Thanks, this explanation and discussion is very helpful. It does confirm how I suspected things to work.
I have trouble understanding the need for the "signing" part of client-side certificates. Currently if I create an account at a website with a username/password, there's no need to get my account signed by a trusted third party. So why not let me create the account with a username/publickey instead? Why does a third party CA need to be involved?
And actually (as I mentioned in another post just now), one thought is to have keypairs supplement passwords rather than replace them. Basically when I move to a new device, I can still log in to the website with a password, and then the site will give me the option to add the device's public key so I can seamlessly log in automatically next time.
Ideally they would run some kind of CA and users would generate keys local to the device with some kind of alternate authentication when setting up the device initially.
Generating keys is cheap and the fact that your key could be tracked across services is a problem you'd want to avoid upfront. This is already an issue with things like SSH where you can finger-print devices when they present their public keys.

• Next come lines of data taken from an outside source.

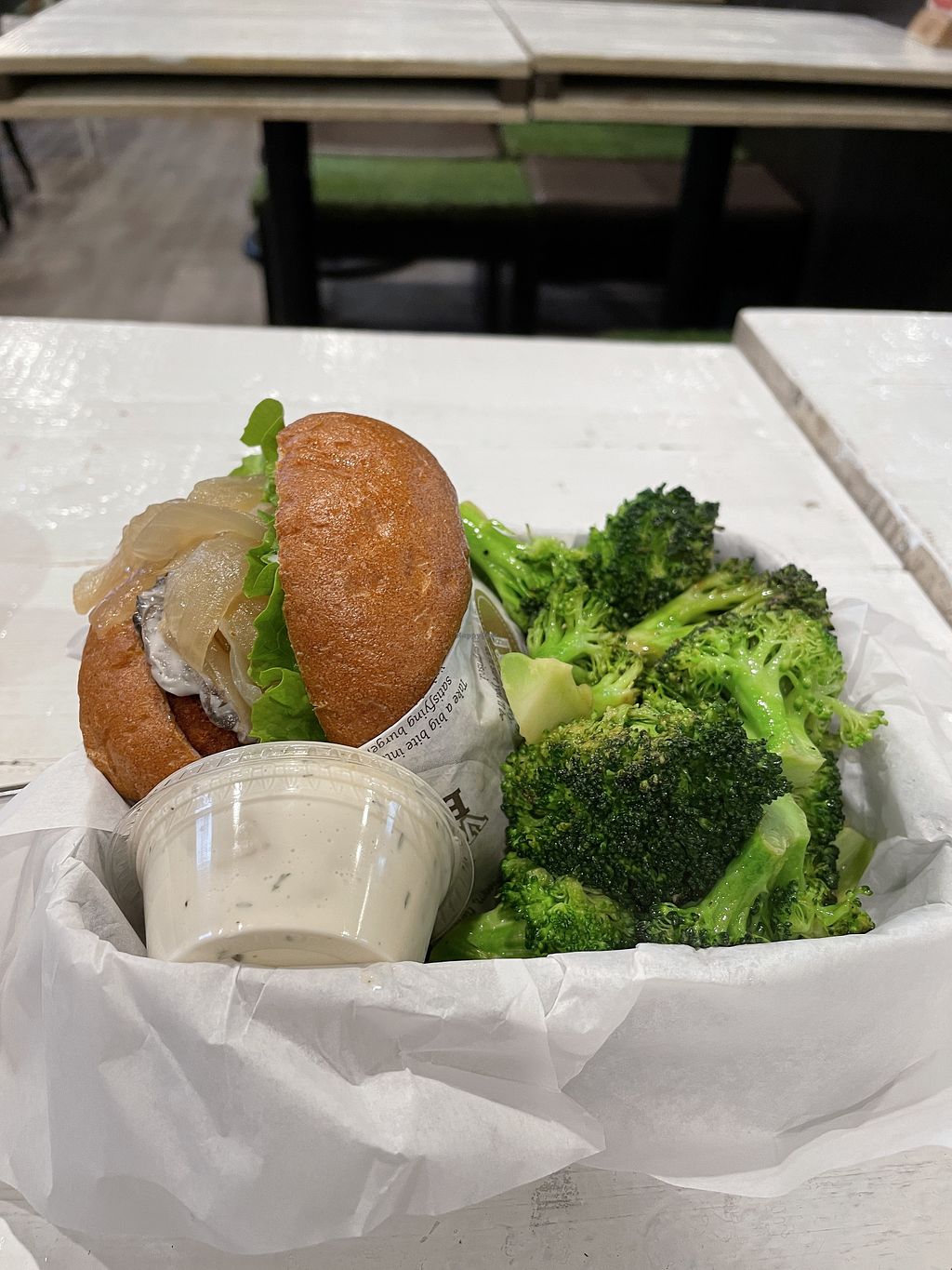 Broccoli and creamy mushroom burger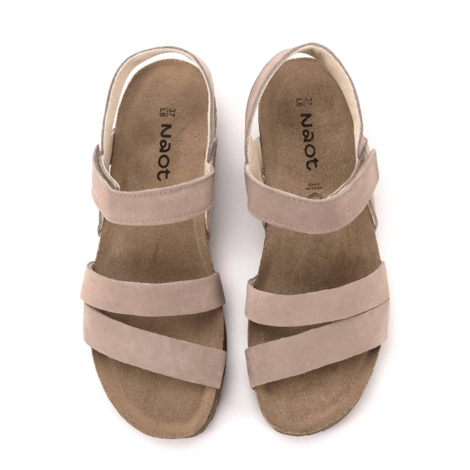 Classicly cute and all-day-wearable. We love this sandal.This sandal features three supportive straps, a hook & loop strap at the instep, and a backstrap for enhanced stability. It includes Naot's anatomic cork & latex footbed for superior comfort. The EVA sole material offers lightweight support. The heel height is 1.5 inches, and the platform height is 0.5 inches. It is true to size and should be spot cleaned.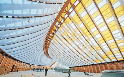 正在建设中的中国馆内景。本报记者 贺勇 摄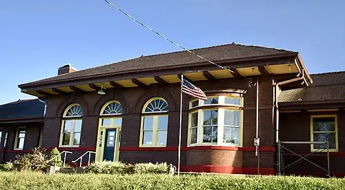 The single story, red brick structure, Late Victorian architectural style, is located on an embankment alongside the elevated tracks on the south side of town. It is .5-mile (0.80 km) south of where the previous depot was located.[2] Passenger service ended in 1971, and the railroad sought to demolish the depot in 1993. It was donated to the community in 1995, and added to the National Register of Historic Places in 1999.[1]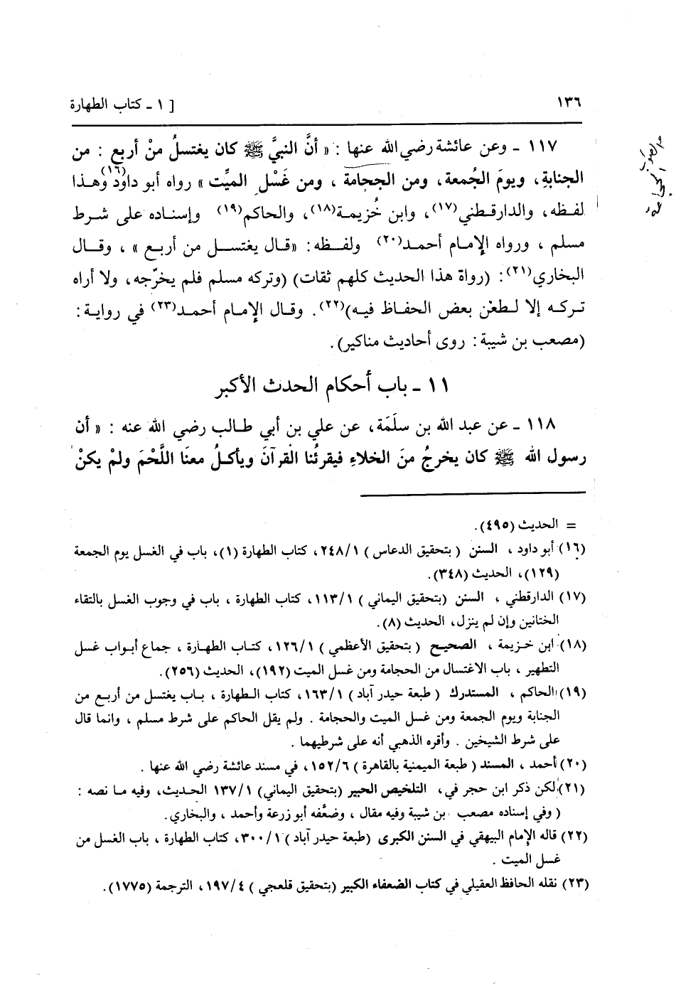 117 - وَعَن عَائِشَة رَضِيَ اللَّهُ عَنْها: " أَن النَّبِي صَلَّى اللَّهُ عَلَيْهِ وَسَلَّم َ كَانَ يغْتَسل من أَربع: من الْجَنَابَة، وَيَوْم الْجُمُعَة، وَمن الْحجامَة، وَمن غسل الْمَيِّت " رَوَاهُ أَبُو دَاوُد وَهَذَا لَفظه، وَالدَّارَقُطْنِيّ، وَابْن خُزَيْمَة، وَالْحَاكِم (وَإِسْنَاده عَلَى شَرط مُسلم، وَرَوَاهُ الإِمَام أَحْمد وَلَفظه: " قَالَ يغْتَسل من أَربع "، وَقَالَ البُخَارِيّ: (رُوَاة هَذَا الحَدِيث كلهم ثِقَات) (وَتَركه مُسلم فَلم يُخرجهُ، وَلَا أرَاهُ تَركه إِلَّا لطعن بعض الْحفاظ فِيهِ) . وَقَالَ الإِمَام أَحْمد فِي رِوَايَة: (مُصعب بن شيبَة: رَوَى أَحَادِيث مَنَاكِير)) .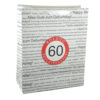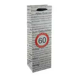 Acesta punga de cadou pentru bauturi realizata din hartie rezistenti este ideala pentru a-i suprinde cu o sticla de vin sau alte bauturi aniversare pe barbatii care inplinesc varsta de 60 de ani. Inscriptionata cu cifra „60”. respectiva punga va insufla u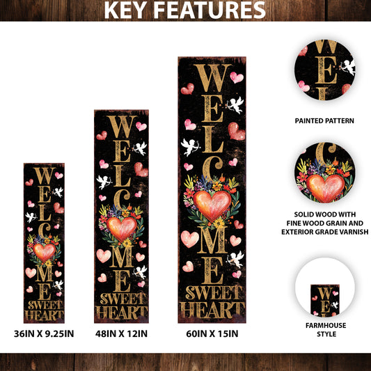 Valentine's Day Welcome Sweetheart Porch Sign | Rustic Wooden Entryway Decor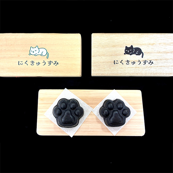 ネコ好きさんはモチロン、そうでない方も思わず笑顔になる「にくきゅう」型のれっきとした『墨』です。桐箱のデザインもそそられます!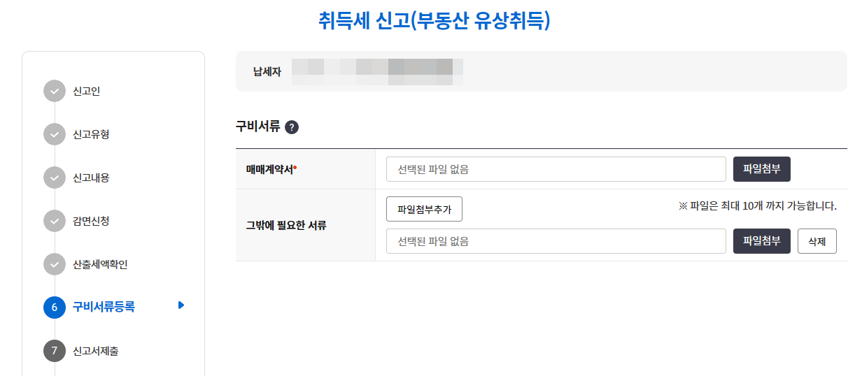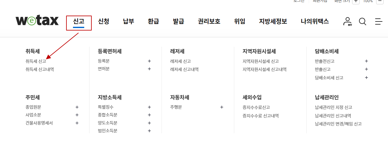 상단의 신고 메뉴에서 취득세 신고 를 통해 가능하다.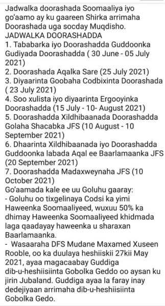 Mid ka mid ah jadwaladii doorasho ee ay soo saareen Golaha Wadatashiga Qaran ee aan dhaqan gelin waxay maanta oo ah 10 October ku beegneyd inay dhacdo doorashada Madaxweynaha, gaar ahaan jadwalkii soo baxay bishii June.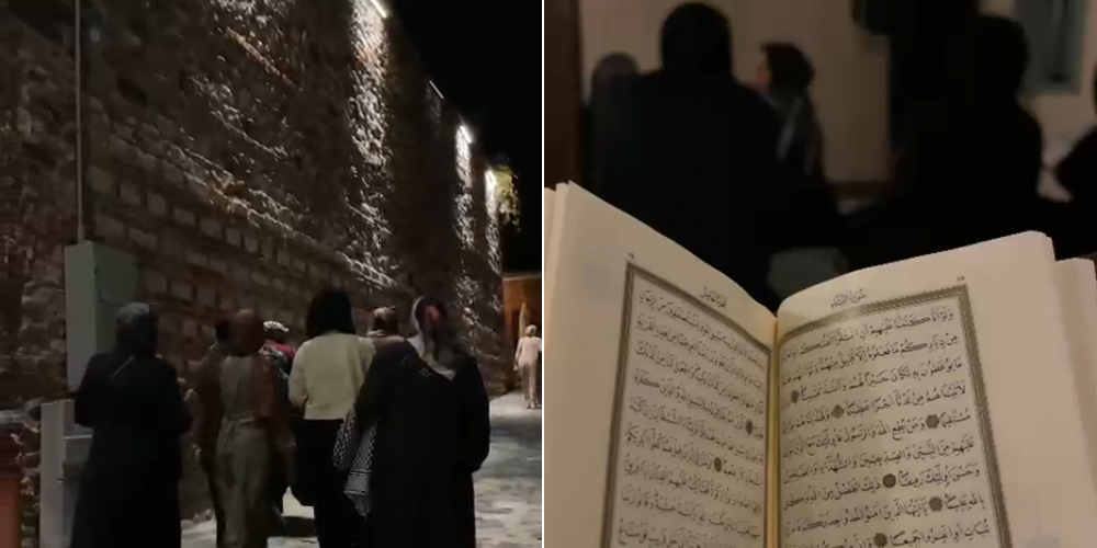 Sultangazi’deki Mekân-ı Aksâ’da toplanan hanımlar imsak vakti girmeden önce minibüsle hareket ettiler. Beyoğlu ve Fatih’ten de özel araçlarıyla hareket eden hanımlar Beşiktaş’ın tarihi camilerden Yahya Efendi Camisi’nde buluştular. Cami içi ve çevresindeki türbeleri ziyaret eden hanımlar namaz vakti girene kadar Kur’an okudular. Kalabalık bir cemaatle kılınan namazın ardından zikirler yapıldı.

When signing up the user could be given the option to enable alternate authentication via FIDO2, Password, or Passwordless (email). Otherwise authenticating another device works by approving a new device from an existing one.

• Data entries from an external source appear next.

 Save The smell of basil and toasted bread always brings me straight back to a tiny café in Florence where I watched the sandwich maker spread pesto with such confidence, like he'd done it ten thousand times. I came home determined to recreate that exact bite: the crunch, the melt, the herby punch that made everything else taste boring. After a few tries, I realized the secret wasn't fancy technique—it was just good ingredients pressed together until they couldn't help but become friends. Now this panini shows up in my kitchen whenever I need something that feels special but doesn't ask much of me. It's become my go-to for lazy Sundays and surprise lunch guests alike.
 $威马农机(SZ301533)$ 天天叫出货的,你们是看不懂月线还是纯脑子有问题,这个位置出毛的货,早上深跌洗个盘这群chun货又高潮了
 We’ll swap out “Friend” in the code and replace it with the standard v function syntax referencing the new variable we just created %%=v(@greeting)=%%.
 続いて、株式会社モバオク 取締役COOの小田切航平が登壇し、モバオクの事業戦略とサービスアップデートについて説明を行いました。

> Ideally they would run some kind of CA and users would generate keys local to the device with some kind of alternate authentication when setting up the device initially.
This presents a bit of a chicken and egg problem for how to secure the initial signup. Most services now use "control of email address" which has its own issues.
> Generating keys is cheap and the fact that your key could be tracked across services is a problem you'd want to avoid upfront. This is already an issue with things like SSH where you can finger-print devices when they present their public keys.
There are concerns about tracking, but that can be done without a private key. There are pros and cons for both singular and multiple keys one of the pros for a single keypair being your keypair does identify you as you. That's bad for tracking but it's good for more trustworthy authentication. Ideally, for some uses you could as a person get a signed personal cert and it'd be as good as government ID.
> When signing up the user could be given the option to enable alternate authentication via FIDO2, Password, or Passwordless (email). Otherwise authenticating another device works by approving a new device from an existing one.
A good first step for reused or unique-per-service or even unique-per-service-and-device keypairs would be to allow a user authenticated by password or whatever to upload a public cert (possibly via web form) and enable access to the account (or portions of the account) going forward only to sessions initiated with that client cert and key.
S/MIME handles some issues of key propagation pretty simply in that a sender, A, signing a message is sufficient for the recipient, B, to then send encrypted email to B. The initial S/MIME installation of the user's own S/MIME certificate is still more involved. However, it might be as simple with web apps and other apps that use a web or web-like remote API to have an option to auto-trust certs going forward that are used to log in to the account by other means (like password and Yubikey).
When can we just have client side certificates? That would be a great way to deal with most of the problems that emailing a "magic login link" (or just normal email based accounts) doesn't solve.